Ending America's wars, without raising terror threat
Among the first issues Biden will have to deal with is the U.S. military presences in Afghanistan and Iraq, where Trump has drawn troops down to just 2,500 in each country after nearly two decades of fighting.
"The Trump administration gave the Biden team an incredible gift by recklessly drawing down American military forces and political engagement in Afghanistan and in Iraq because near as I can tell, President Biden and his team have the exact same policy that they want to undertake, and the Trump administration will now get all the blame for the obvious consequences of it," Schake told ABC News.
Biden has not been clear about what he would do with U.S. troops in either country, but he's signaled he would at least slow full withdrawals.
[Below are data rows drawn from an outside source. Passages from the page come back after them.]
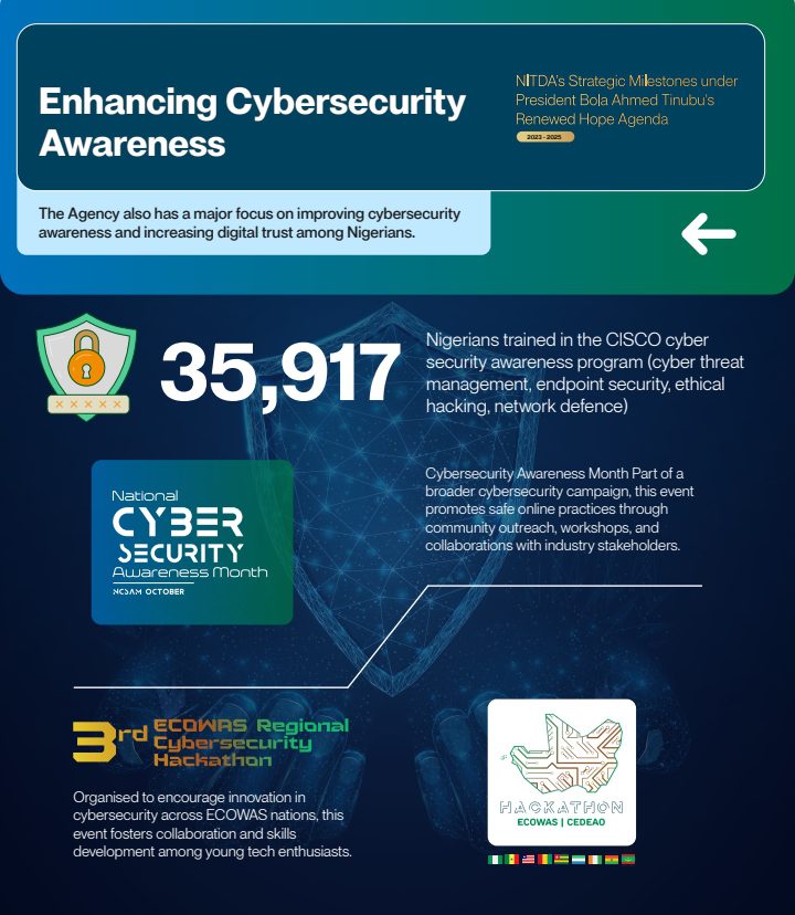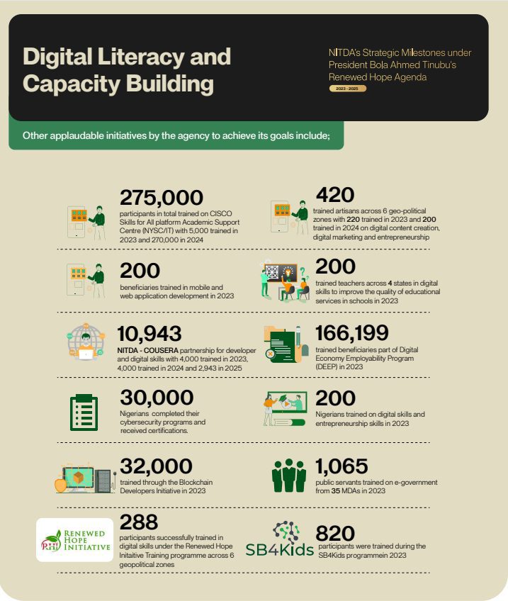 Continuing, the National Information Technology Development Agency (NITDA) championed digital literacy. DL4ALL, rolled out in May 2025, targeted 70% literacy by 2027.
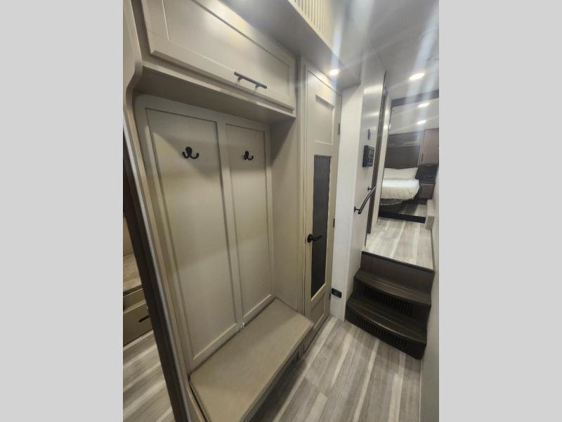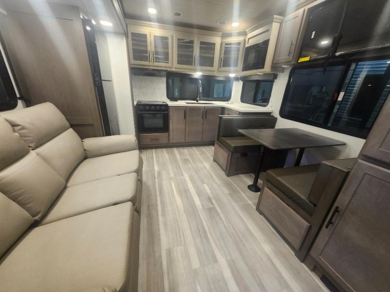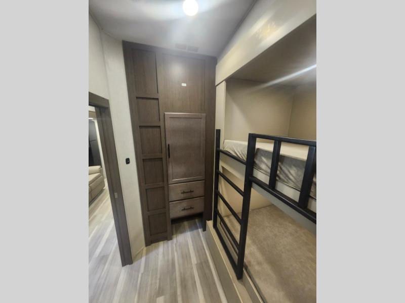 The whole crew will love camping trips in this spacious fifth wheel! From the front bedroom with a walk-around king bed to the rear kitchen with ample counter space, this is something for everyone. A middle bunkroom includes built-in bunk beds with a lower trundle bed and a flip-up table if some work needs done. Once your meals are made, you can dine at the booth dinette, relax on the sofa, or head outdoors to enjoy the power awnings. The full bath is towards the front near the bedroom for convenience. Here, you'll find a king bed, dual nightstands, plus a wardrobe with washer and dryer prep if you choose to add these appliances!
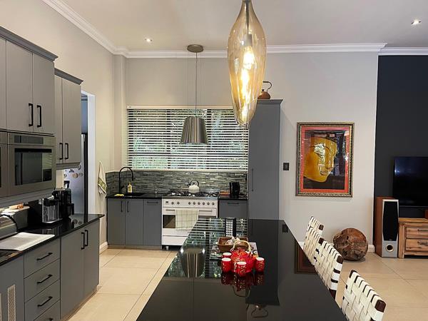 The sleek, modern kitchen is a culinary delight, designed to be part of the living experience. It is equipped with top-of-the-line appliances, including a stunning freestanding gas stove, and is finished with durable granite countertops. A separate scullery and laundry area ensure practicality without compromising the aesthetics of the main living spaces.
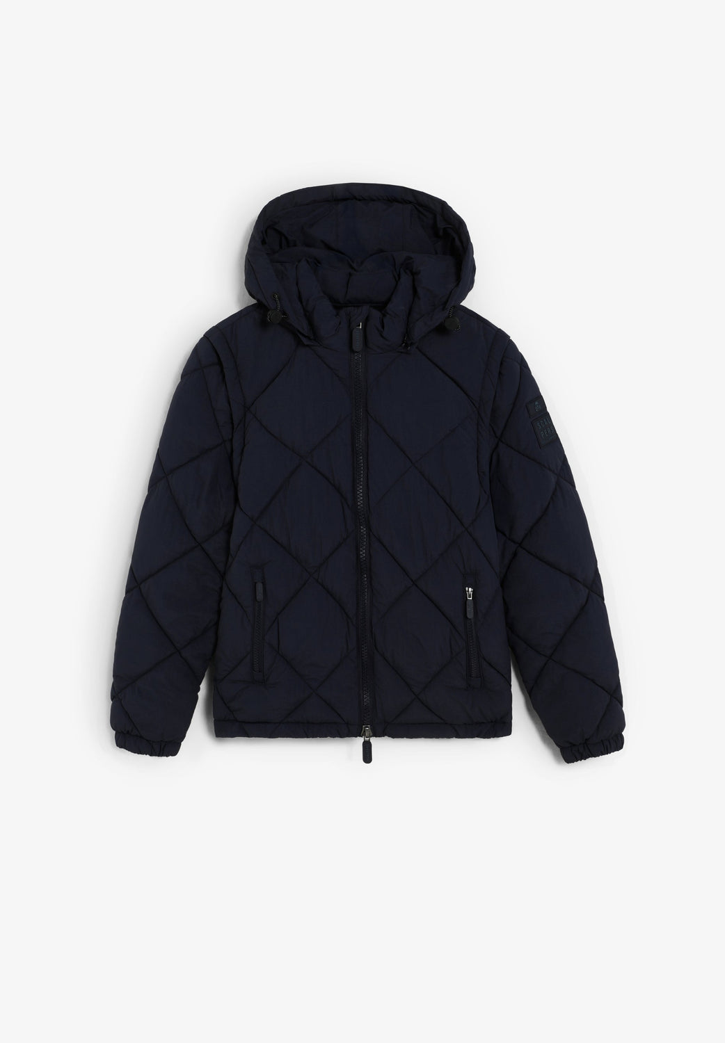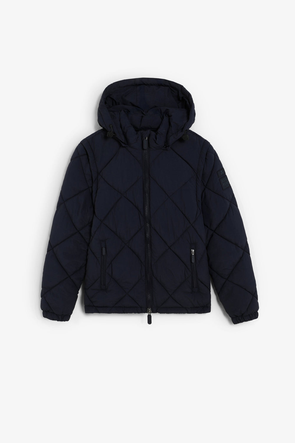Cazadora con capucha y manga larga desmontable. Cierre mediante cremallera. Logotipo engomado en manga. Bolsillo en frontal. Detalle de logotipo en cuello.

In Afghanistan, he's indicated he would work to hold the Taliban to its commitments under Trump's deal with the militant group, but focus U.S. forces on al-Qaida and the Islamic State.
The key questions are what will Biden do if violence threatens to engulf Afghanistan or if negotiations between the Taliban and Afghan government fall apart, and how to ensure the country doesn't risk becoming a terrorist safe haven again -- a commitment the Taliban made under the U.S. deal that hasn't been kept yet.
Elsewhere, the threat of Islamist terrorism is expanding. ISIS and al-Qaida affiliates are taking advantage of the insecurity and chaos in Syria, northern Mozambique, the Philippines, and across the Sahel, the northern Africa desert region that includes Mali, Niger, Burkina Faso and Nigeria. While Biden is likely to focus on great power rivalries or U.S. allies, the threat of terrorism remains potent.